» Exercise data
§ §
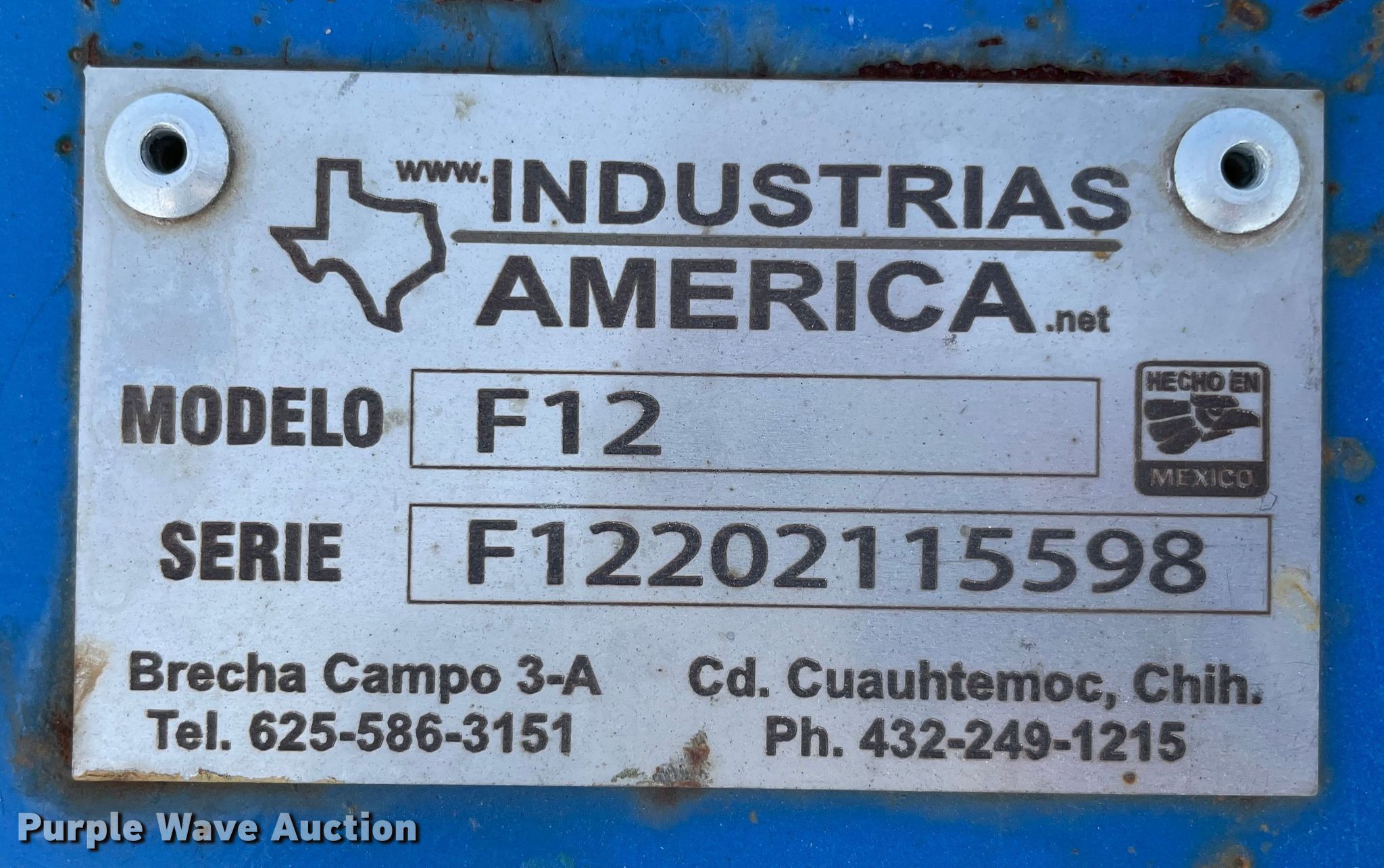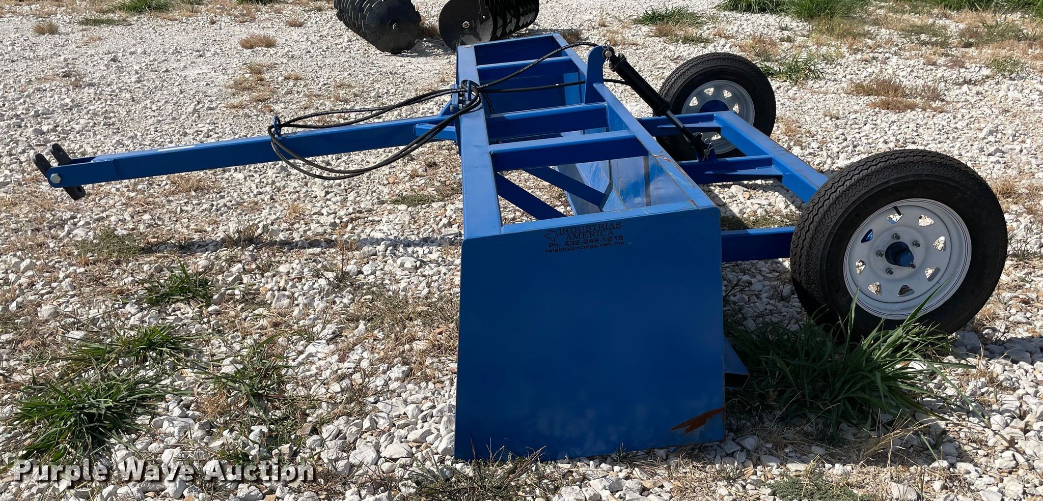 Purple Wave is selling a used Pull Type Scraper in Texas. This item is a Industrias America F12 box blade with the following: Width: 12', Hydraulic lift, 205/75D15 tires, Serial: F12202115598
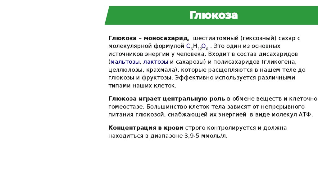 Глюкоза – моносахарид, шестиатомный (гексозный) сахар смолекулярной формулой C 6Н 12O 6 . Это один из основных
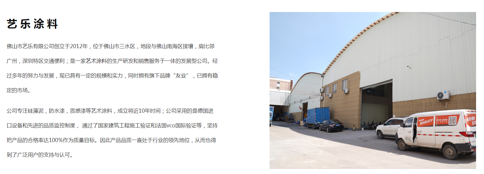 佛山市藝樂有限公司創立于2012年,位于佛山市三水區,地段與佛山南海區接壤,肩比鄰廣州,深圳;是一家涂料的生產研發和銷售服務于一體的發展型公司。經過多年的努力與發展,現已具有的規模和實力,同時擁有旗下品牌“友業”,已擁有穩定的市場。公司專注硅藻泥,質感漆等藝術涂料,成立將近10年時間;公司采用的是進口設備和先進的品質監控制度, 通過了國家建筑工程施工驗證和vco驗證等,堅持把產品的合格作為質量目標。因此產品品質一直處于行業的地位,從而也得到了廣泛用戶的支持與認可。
§ §
» Your objective
The data above must be given back verbatim, minus its images.

» Answer to the exercise
 Purple Wave is selling a used Pull Type Scraper in Texas. This item is a Industrias America F12 box blade with the following: Width: 12', Hydraulic lift, 205/75D15 tires, Serial: F12202115598
 Глюкоза – моносахарид, шестиатомный (гексозный) сахар смолекулярной формулой C 6Н 12O 6 . Это один из основных
 佛山市藝樂有限公司創立于2012年,位于佛山市三水區,地段與佛山南海區接壤,肩比鄰廣州,深圳;是一家涂料的生產研發和銷售服務于一體的發展型公司。經過多年的努力與發展,現已具有的規模和實力,同時擁有旗下品牌“友業”,已擁有穩定的市場。公司專注硅藻泥,質感漆等藝術涂料,成立將近10年時間;公司采用的是進口設備和先進的品質監控制度, 通過了國家建筑工程施工驗證和vco驗證等,堅持把產品的合格作為質量目標。因此產品品質一直處于行業的地位,從而也得到了廣泛用戶的支持與認可。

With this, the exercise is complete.